However, if we discovered that 40% of the dive fatalities involved left-handers, we might think something is amiss. So we would first see if the % of left-handers in the dive population is the same as the % of left-handers in the general population. Assuming that we discovered that only 10% of the dive population was left-handed, we might draw an inference that there's some connection about being left-handed that increases your chances of becoming a fatality statistic.
Ken, I wished all posts were as well-thought and civilized as yours.
Let me briefly tell you that the two examples are not quite the same.
First, I agree with your left-handed example. With those numbers, sure there was something about left-handed that would ask for investigation. (Although it wouldn't be obvious the problem is really left-handedness. It could be. But it could also be, for example, that some other condition that causes, or comes with, or is caused by left-handedness would be the proximal responsible for the fatalities. Meaning that not only because left-handedness precedes and is correlated with fatality it is the direct cause.

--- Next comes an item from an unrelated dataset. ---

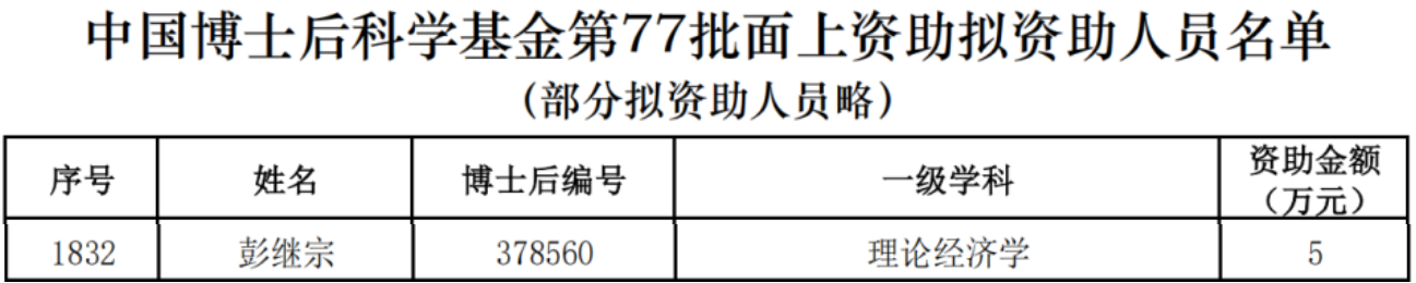 近日,中国博士后科学基金会印发《关于公布2025年度中国博士后科学基金第77批面上资助获资助人员名单的通知》。潮人论坛 彭继宗博士后获得资助,合作导师是蔡宏波教授。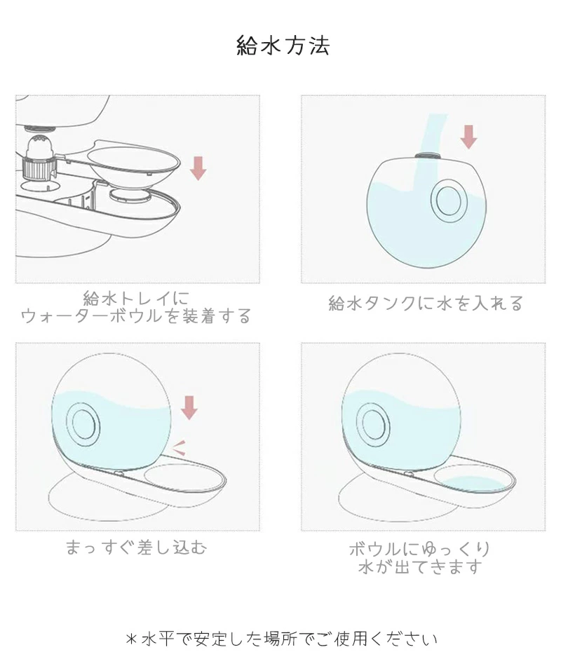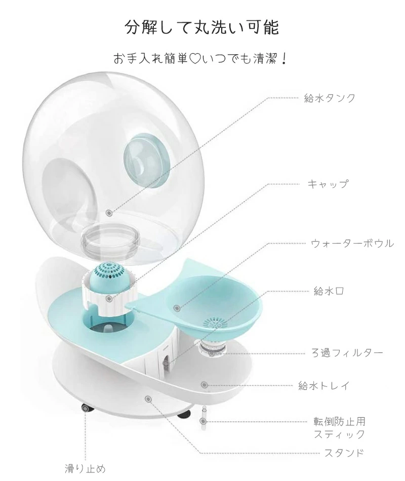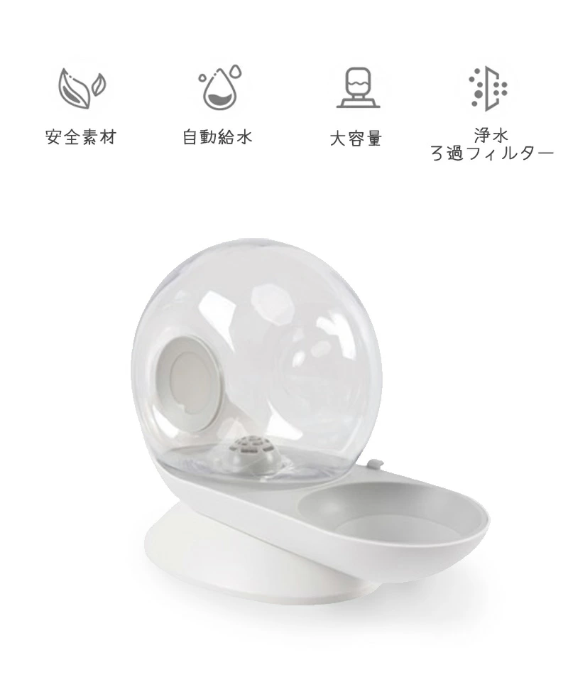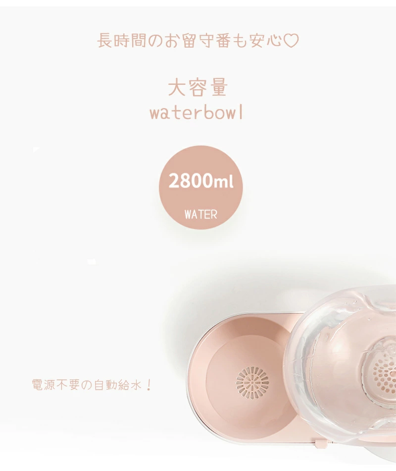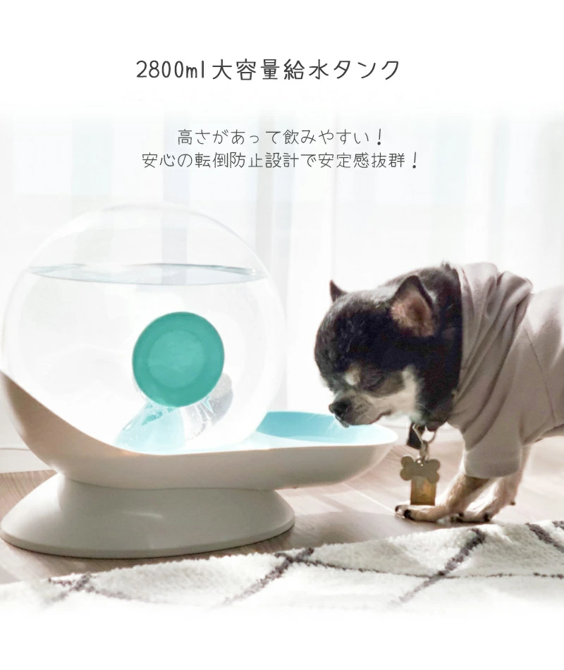 2.8Lの大容量デザインのため、小型犬や猫1匹の約7~15日間の必要な水分を、 1度の水補充で用意できます。長時間のお留守番も安心! 重力を利用した給水設計のため、電気系製品のモーター音によるストレスを解消することができ、 ベッド付近や、小空間での設置でも騒音のご心配が必要ありません。 高さがあって飲みやすく、安心の転倒防止設計で安定感抜群!

Correlation does not imply causation)
In those cases, ignoring ambidexterity, people are either left-handed or right-handed. So we can quickly see that the 90% of right-handed people correspond to only 60% of the deaths. So no need to do much math, clearly there seems to be something directly or indirectly related to left-handedness that constitutes a risk factor.
Now...
If you will accept my 1% number, then the question becomes: How can something that happens 1% of the time in the general population account for 41% of the triggers in a fatality? I believe the inference you can draw is that there is some connection between running out of air and dying that indicates that running out of air is far more dangerous and less likely to be survivable than we teach.
Happy to be shown the folly of my ways (and I don't mean that as a macho/ego challenge, just saying feel free to point out what I'm missing).

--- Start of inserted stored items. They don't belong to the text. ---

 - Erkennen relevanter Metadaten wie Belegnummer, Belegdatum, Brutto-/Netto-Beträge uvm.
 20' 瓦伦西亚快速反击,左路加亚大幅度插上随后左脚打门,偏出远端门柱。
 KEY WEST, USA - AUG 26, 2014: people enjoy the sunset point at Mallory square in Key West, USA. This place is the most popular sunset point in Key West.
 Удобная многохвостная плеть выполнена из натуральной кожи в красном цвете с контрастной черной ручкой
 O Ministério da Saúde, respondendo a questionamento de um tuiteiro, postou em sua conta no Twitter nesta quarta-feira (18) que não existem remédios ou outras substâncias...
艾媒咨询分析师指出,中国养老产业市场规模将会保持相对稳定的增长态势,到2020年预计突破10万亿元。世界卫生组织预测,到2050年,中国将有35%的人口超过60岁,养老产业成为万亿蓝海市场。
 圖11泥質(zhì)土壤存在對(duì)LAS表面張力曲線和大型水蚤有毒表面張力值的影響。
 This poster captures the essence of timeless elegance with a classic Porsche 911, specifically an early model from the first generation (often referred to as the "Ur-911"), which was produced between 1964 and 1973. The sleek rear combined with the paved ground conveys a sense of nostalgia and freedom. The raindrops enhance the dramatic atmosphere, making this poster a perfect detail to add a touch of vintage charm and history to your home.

Now... here is different. Because there could be any number of possible causes other than OOG, and because it doesn't sum up to 100%. Above you have left and right handed dives mapping into left and right handed deaths. Here you have OOG dives mapping into OOG deaths, cause B dives mapping to cause B gas, etc, then a lot, say 95% or more dives that simply have no death representation.

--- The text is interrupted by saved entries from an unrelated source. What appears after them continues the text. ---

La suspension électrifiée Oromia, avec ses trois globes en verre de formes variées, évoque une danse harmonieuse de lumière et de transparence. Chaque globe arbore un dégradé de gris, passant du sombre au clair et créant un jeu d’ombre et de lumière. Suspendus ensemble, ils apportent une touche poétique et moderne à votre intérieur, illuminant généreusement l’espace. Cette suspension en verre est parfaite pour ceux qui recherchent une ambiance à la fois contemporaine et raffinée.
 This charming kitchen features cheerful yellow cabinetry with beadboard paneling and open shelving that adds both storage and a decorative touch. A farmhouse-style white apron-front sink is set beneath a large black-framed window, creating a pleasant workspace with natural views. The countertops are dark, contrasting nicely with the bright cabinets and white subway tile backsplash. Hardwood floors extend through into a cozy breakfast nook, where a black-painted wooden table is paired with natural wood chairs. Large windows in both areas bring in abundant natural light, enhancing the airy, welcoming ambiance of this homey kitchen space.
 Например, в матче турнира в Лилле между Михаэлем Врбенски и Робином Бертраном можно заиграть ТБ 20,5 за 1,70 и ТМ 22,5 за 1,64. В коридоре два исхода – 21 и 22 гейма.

But forget this point, it's not the most important.
Here is the main point, which I have previously said:
If I accept your 1%, this means that 1% x 200million/10 = 200 thousand dives a year have OOG problems. Of those, 41% x 350/10 = 14 deaths. So, given your own numbers, the risk of dying of OOG causes
once you had an OOG problem is 14 / 200 thousand = only 0,007%. So, by your own numbers, OOG problems are manageable in 99,993% of the cases.
Wait a second, so maybe OOG is rarer, say it happens once every 100 thousand dives. Then only 7% of those die, and it's manageable in 93% of the cases. Now, if the frequency is 1 every million dives, then you can only save yourself 30% of the time. You see, without knowing the frequency with which OOG situations happen, we cannot access how fatal it is
once it happened. We can only calculate it based on total dives, that is, given that you dive, what is the chance of fatality due to OOG? Only 140 in 200 million, or 1 in 1.43 million.
In that sense, your fictitious handedness problem is the same. Say you have only 1000 fatalities for 200 million dives, roughly DAN numbers. So 40 are "due to left-handedness". And 10% of dives, so 20 million, are left-handed dives. So the fatality rate in left-handed dives is 40 in 20 million or 1 in 500 thousand. And the fatality rate in right-handed dives is 60 in 180 million or 1 in 3 million.
Left-handedness is 6x as dangerous as right-handedness but both are extremely safe.
I don't like saying this because it may foster recklessness, but if DAN numbers are right, then the kind of scuba diving most people do (likely shallow rec) is extremely safe.